Yani kimse, ‘emeklilik maaşı bağlama oranlarını kuşa çevirdik’ demiyor, ‘sosyal yardım olarak emekli maaşlarının belli bir noktada tutmak için emeklimize destek oluyoruz’ deniyor. Adeta bir lütuf sunuluyor!
Lütuflarla ancak ayakta durduğunu düşünen vatandaş kaderine razı olurken yakın bir zamanda yine ağzından inciler dökülen Hazine ve Maliye Bakanı Nurettin Nebati açıklıyor esas durumu;
“Bu sistemden dar gelirliler hariç üretici firmalar, ihracatçılar kâr ediyorlar. Çarklar dönüyor!”
Çarklar dönüyor da bize dönüyor sanki! Dar gelirlinin çarkların arasında ezildiğinden hiç bahsedilmiyor konuşmada.
Dar gelirliye ‘sosyal yardım’ veriliyor ya, o yeter!
“Dövizi düşürmek için yüksek faiz artışı yapabilirdik. Ama o zaman üretim bundan olumsuz etkilenirdi. Biz bir yol ayrımına gittik. Enflasyonla birlikte büyümeyi tercih ettik. Yoksa enflasyonu düşürmek için çok sert tedbirler alabilirdik. Yüksek faiz artışı yapardık. O zaman üretim dururdu. Kur korumalı TL’ye geçerek bir yandan doları frenledik. Diğer yandan üretimi ve büyümeyi tercih ettik!”
Aaaa… Ne de güzel olmuş.
Böylece biz bir hafta 10 yumurta alabiliyorken, ertesi hafta neden 7 yumurta aldığımızı anlamış olduk. Aslında düşürebileceğiniz enflasyonu, tercih ederek düşürmediğiniz içinmiş meğer! Sonraki hafta aldığımız yumurta sayısı 5’e düşünce sosyal yardım verip 6 yumurta almamızı sağlıyorsunuz, biz de minnet duyuyoruz size. İyi güzel de 4 yumurta hala yok ortada, ama biz size minnettarız.

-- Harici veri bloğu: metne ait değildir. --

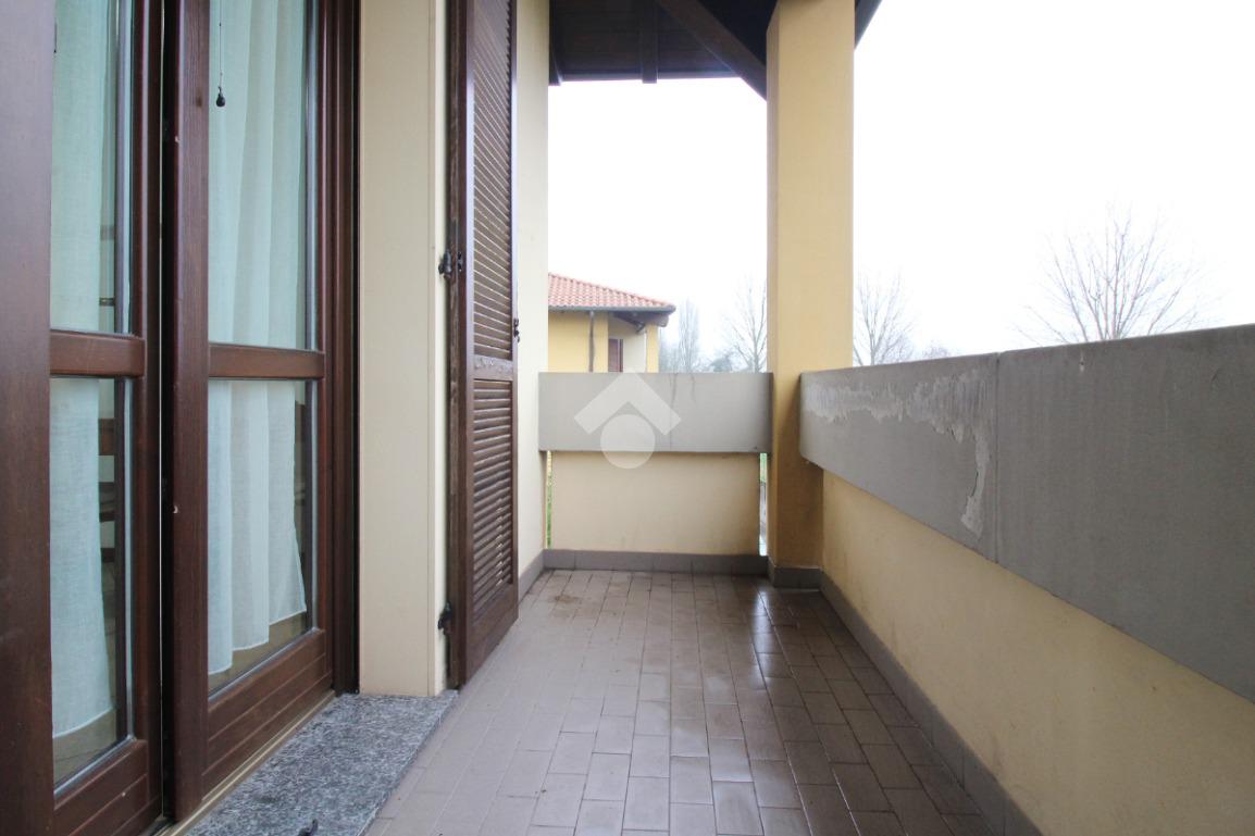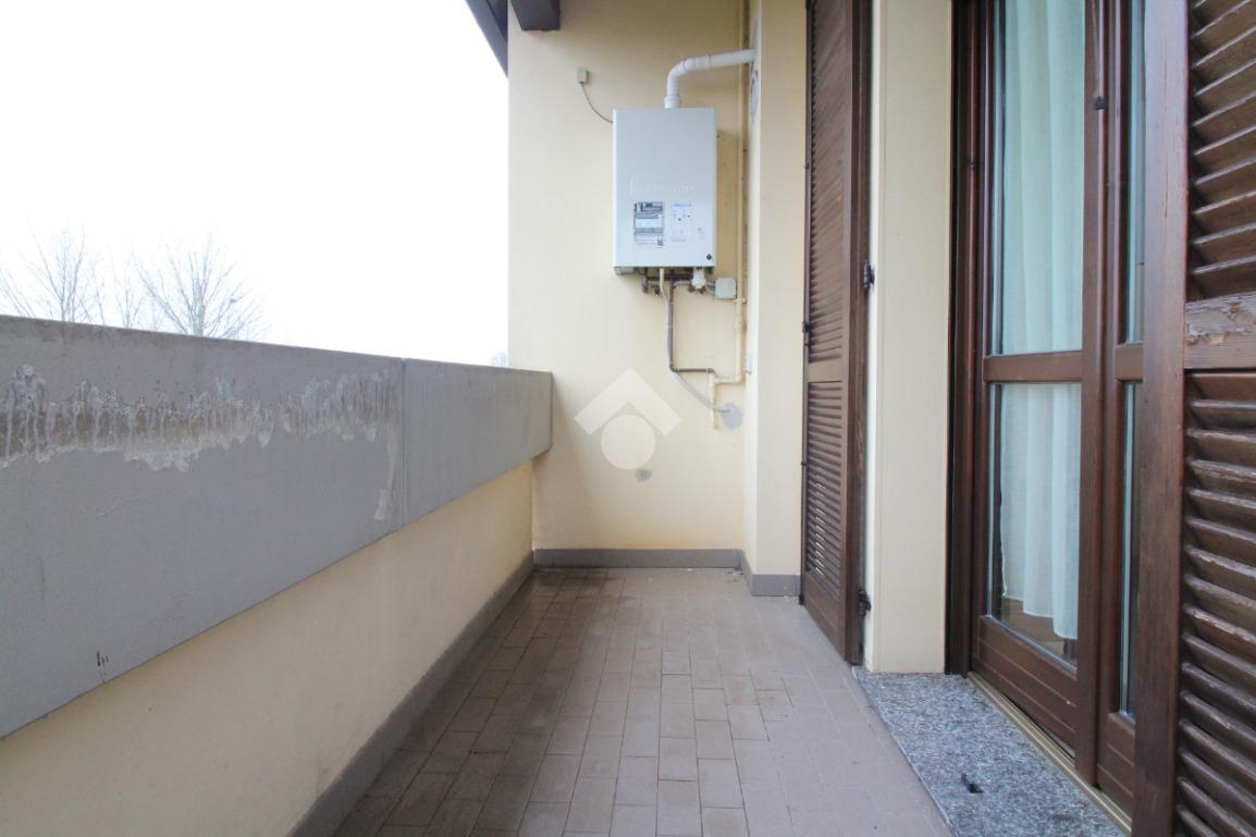 A valorizzare ulteriormente la soluzione è la presenza di un balconcino, che garantisce uno sfogo esterno e una buona luminosità naturale.

Bence süper sistem de, kim için süper, orası mühim!
İşin bu kısmını CHP Grup Başkanvekili Engin Özkoç, sosyal medya paylaşımıyla özetlemiş;
“Yani zengini daha zengin yapmak için fakiri enflasyona ezdiriyoruz diyor. Erdoğan politikaları, zenginin faizini, fakire açlıkla ödetiyor!”
HDP Diyarbakır Milletvekili Garo Paylan da;
“Bakan Nebati utanmadan, çarkların dar gelirliler hariç yalnızca patronlar için döndüğünü itiraf etmiş. Yazıklar olsun!” diye yazmış sosyal medyasında.
Ne acı bir tablo, emeğinin karşılığı ile geçinmek zorunda olanlar için!
Doğrusu kendi adıma ben artık kimseye minnettar olmak istemiyorum. Emeğimle kazandığım parayla insan gibi yaşamanın hakkım olduğunu düşünüyorum. Herkesin de artık böyle düşünerek hareket etmesinin vakti geldiğine inanıyorum.